The people who respond in this way, the “okay just tell me how to fix it” way, are not always men, but they usually are. That’s probably because men are socialized to fix things, and their security in their own masculinity often rests partially on their ability to fix things–not just the broken toilet or the leaking roof, but things in general. It happens on the macro level and the micro level: for example, all the male partners I’ve had who would neither allow me to talk about my depression without trying to fix it, nor ask me to please not share it because it’s too frustrating. They would insist that I share it, and they would insist on trying to fix me, and they would fail, and so would the relationship.

Social problems are similar to depression in that they are complex and require patient and knowledgeable effort from people who know what they’re doing. There is no quick fix for any of these things.

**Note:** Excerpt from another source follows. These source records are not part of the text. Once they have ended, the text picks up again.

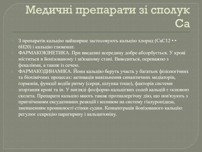 ФАРМАКОДИНАМІКА. Йони кальцію беруть участь у багатьох фізіологічних та біохімічних процесах: активація вивільнення синаптичних медіаторів, гормонів, функції водіїв ритму (серця, шлунка тощо), факторів системи згортання крові та ін. У вигляді фосфорно-кальцієвих солей кальцій є основою скелета. Препарати кальцію мають також протиалергічну дію, що пов'язують з пригніченням ексудативних реакцій і впливом на систему гіалуронідази, зменшенням проникності стінки судин. Концентрація йонізованого кальцію регулює секрецію паратирину і кальцитоніну.
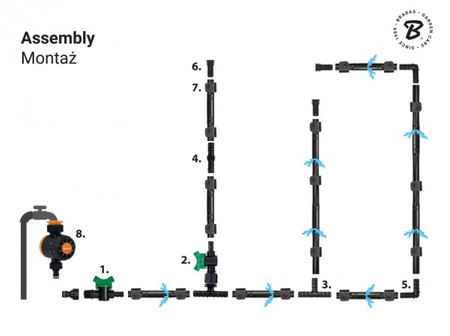 - Das Set enthält einen Tropfschlauch und 87 Elemente, die es ermöglichen, den Schlauch beliebig zu positionieren.
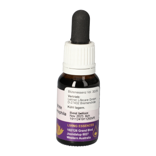 This flower essence helps to bring love into even the darkest corners of the universe, without being destroyed by a lack of sensitivity or the overwhelming suffering around oneself. Application: 6 times daily, place 1 drop under the tongue; or twice daily drink half a glass of water with 6 drops each. Essences can also be applied externally by mixing them into lotions or creams, or by adding them to bathwater, which is particularly effective. Composition: Aqueous plant extract of White Spider Orchid, purified water, brandy. Notes: Alcohol content: 22% vol. Store in a cool place. Keep out of reach of children. Legal Notice: Essences and vibrational remedies are considered foods within the meaning of Art. 2 of Regulation (EC) No. 178/2002 and have no direct effect on body or psyche proven by classical scientific standards. All statements refer exclusively to energetic aspects such as the aura, meridians, chakras, etc.
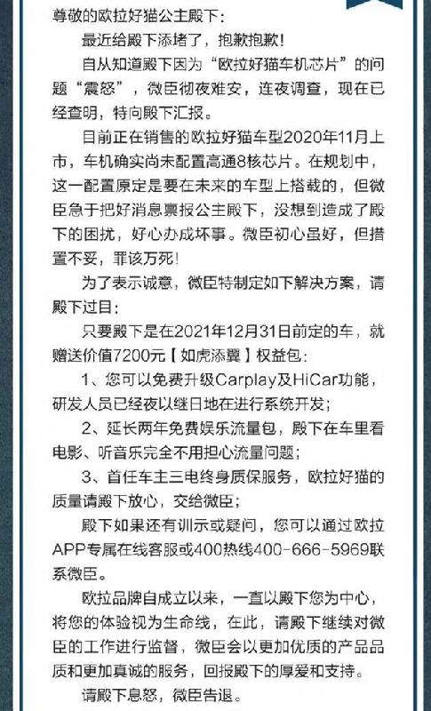 近日,歐拉好貓“芯片造假門”在網(wǎng)絡(luò)上傳得沸沸揚(yáng)揚(yáng)。事情的起因是歐拉好貓車主經(jīng)過(guò)測(cè)試發(fā)現(xiàn),好貓使用的是2016年發(fā)布的舊款英特爾四核A3940芯片,該芯片性能落后且兼容性差,與歐拉官方宣傳的“歐拉好貓采用高通八核芯片”完全不符。之后,歐拉官方通過(guò)歐拉APP發(fā)布聲明,稱已第一時(shí)間成立專項(xiàng)工作組開(kāi)展調(diào)查,同時(shí)稱有非歐拉用戶冒充真實(shí)用戶煽動(dòng)負(fù)面情緒,企圖謀取不正當(dāng)利益,歐拉已固定相關(guān)證據(jù)并報(bào)警。五天后,歐拉官方更新此聲明,表示目前歐拉正在銷售的歐拉好貓確實(shí)尚未配置高通八核芯片,宣傳中所標(biāo)注的高通八核芯片是準(zhǔn)備在未來(lái)車型中使用的,并給出了一系列補(bǔ)償服務(wù),以此安慰“震怒”的車主。
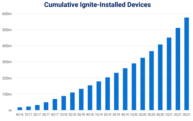 Numbers have been impressive. Although the company’s comprehensive “Ignite” programming has been installed on nearly 600 million devices worldwide (see below), it still has under 20% of the total global Android smartphone market – Ignite is not yet available on Apple iOS devices.
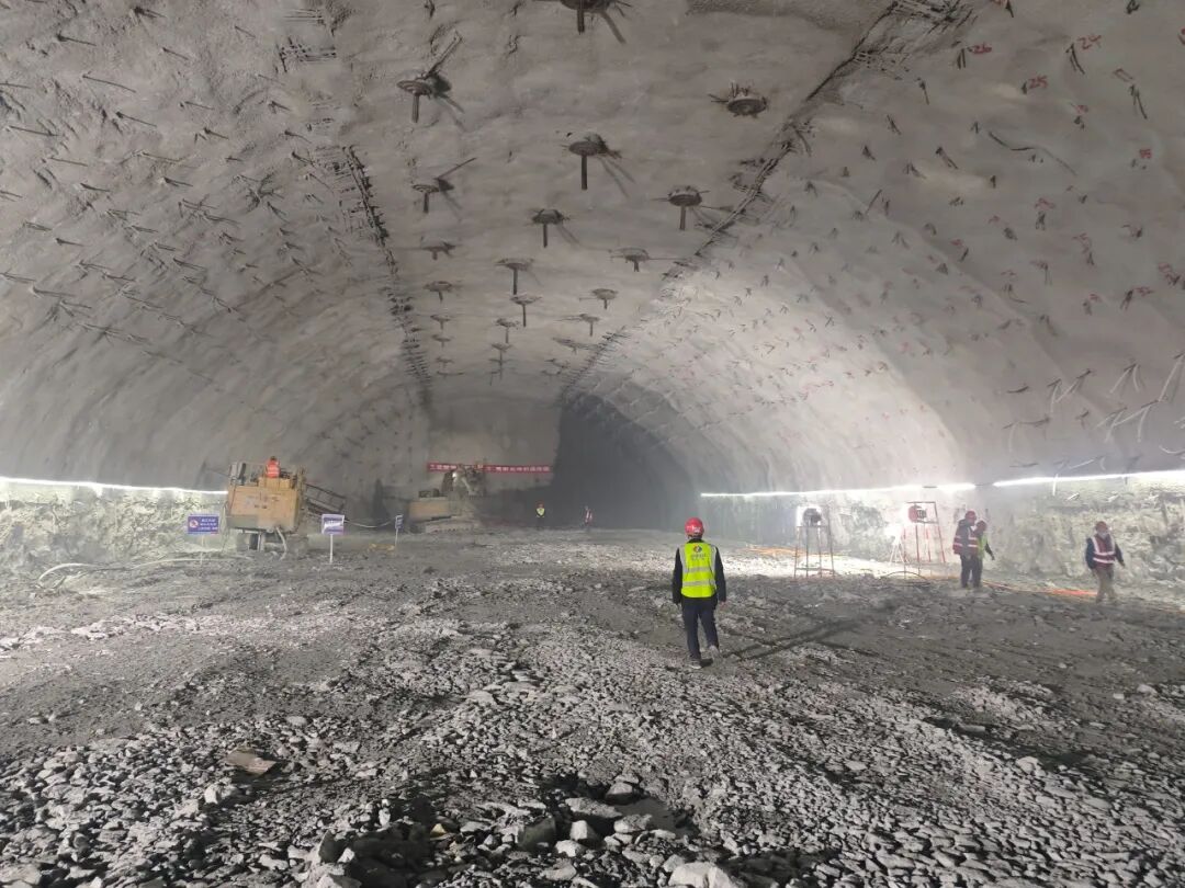 電站地下廠房施工區(qū)域地質(zhì)條件復(fù)雜,施工難度和安全風(fēng)險(xiǎn)較大。肅南公司團(tuán)結(jié)帶領(lǐng)各參建單位,迎難而上、聚力攻堅(jiān),堅(jiān)持“穩(wěn)扎穩(wěn)打、支護(hù)先行”原則,采用“中導(dǎo)洞先行、上下游邊墻分步擴(kuò)挖”的施工方法,綜合運(yùn)用超前地質(zhì)預(yù)報(bào)、微震監(jiān)測(cè)等信息化手段,實(shí)現(xiàn)智能化監(jiān)控與精準(zhǔn)施工,有效管控圍巖失穩(wěn)等施工風(fēng)險(xiǎn)。同時(shí)構(gòu)建“錨固洞+對(duì)穿錨索+系統(tǒng)錨桿+鋼筋拱肋+預(yù)應(yīng)力錨桿+掛網(wǎng)噴護(hù)”復(fù)合支護(hù)體系,實(shí)現(xiàn)圍巖表層穩(wěn)固與深層錨固的雙重防護(hù),全力保障地下廠房施工的安全與質(zhì)量。
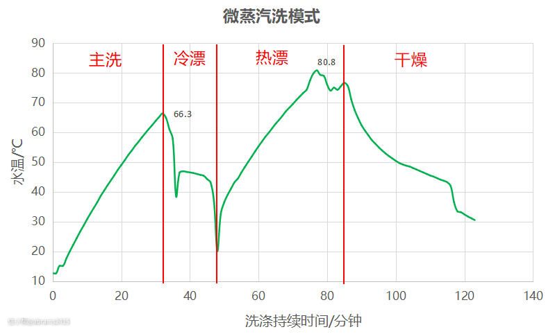 ▲之前我实测的海尔13套独嵌两用EYW13028BKTU1消毒型洗碗机,采集仪记录时间设置为1分钟采集一次内腔温度。微蒸汽洗共经历4个洗涤阶段。温度最高在热水漂洗阶段、达到了官方宣传的80.8℃,而主洗最高温度也达到了66.3℃
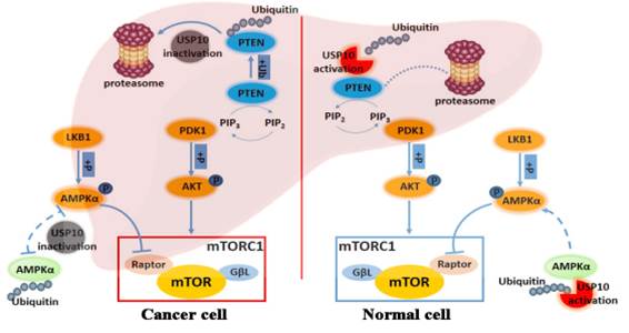 雷帕霉素靶蛋白(mTOR)是一个细胞生长、代谢的中央控制器,也是公认的抗癌药物的主要靶点,mTOR信号通路高度激活是肝癌发生的关键驱动因素之一。然而,mTOR上游基因PIK3CA和PTEN在肝癌中的突变率低,因此mTOR过度激活的机制仍不清楚。该研究团队在对泛素-蛋白酶体降解途径的研究中发现,mTOR在肝癌中的异常激活与去泛素化酶USP10在肝癌中的低表达密切相关,并且USP10的表达与肝癌预后呈显著负相关。而后通过一系列生物信息学、细胞分子生物学及肿瘤生物学研究发现,USP10通过去泛素化mTOR上游的两个关键调控蛋白分子AMPKα及PTEN来参与mTOR的激活抑制。该研究结果揭示了USP10是肝癌的一个重要抑癌基因,可作为一个以mTOR为治疗靶点的生物标记物,对以mTOR为靶向的肝癌治疗有着潜在的指导作用。
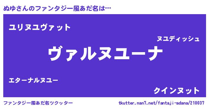 | 男性向けラノベタイトル風あだ名 | 『魔弾の王とぬゆ』『ヌユスレイヤー』 |
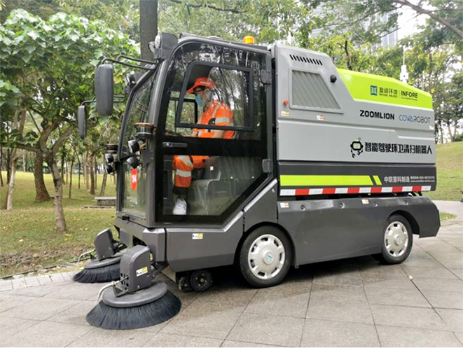 在深圳中心区的市民广场,一辆无人驾驶智能环卫清扫车,沿着道路一边缓缓行进,一边用前侧两个旋转式扫把清扫落叶和纸屑。“它配备了智能清扫系统,可以自主完成路面的清扫、洒水、垃圾收集等工作。”深圳盈联城市环境服务有限公司经理范家瑞说,一辆充满电的智能环卫机器人可以陆续在工作8.5个小时。这辆车顺利获得5G后台传输数据到机器,提前设置清扫路径。“现在是每天上午清扫两趟,下午一趟,无需人工干预,快没电的时候,清扫车会自己到自动充电点等待充电。”
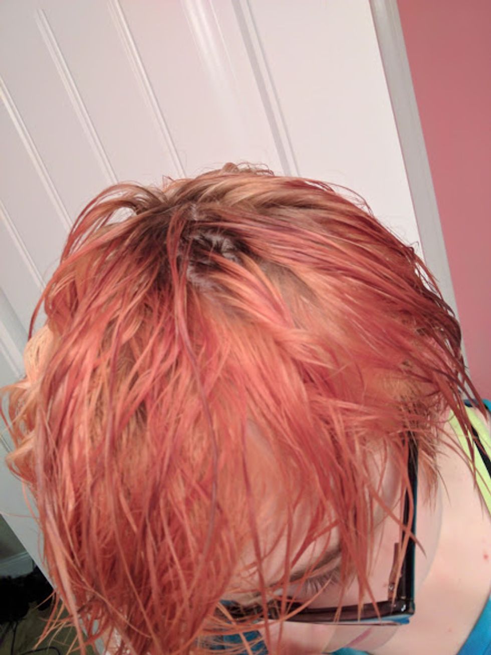 I wasn't super pleased. Don't worry, I knew I wasn't going to get it blonde after bleaching it once. I was expecting the pink. I was more concerned about the places I had missed completely, like my roots and the sides. Luckily, I bought extra bleach. This next time around, I got my lovely sister's help with all the parts I missed.

If you’re a man and you find yourself demanding immediate solutions when social problems are described to you, ask yourself if the way you’ve been brought up as a man might be impacting your reaction to the situation. The fact that a feeling stems from gender roles doesn’t make it wrong or fake, but it does mean that the problem isn’t with the person who’s refusing to give you a ready-made solution, but with the lessons you were taught about being a man.

Obviously, looking for solutions to problems is a Very Good Idea in general. But in this specific way, during these specific times, it may not be a good idea. It would be nice if every problem came with a prepackaged bulleted list of Next Steps, but that’s just not life. Don’t let your earnest wish to see the problem solved keep you from listening to the people dealing with the problem.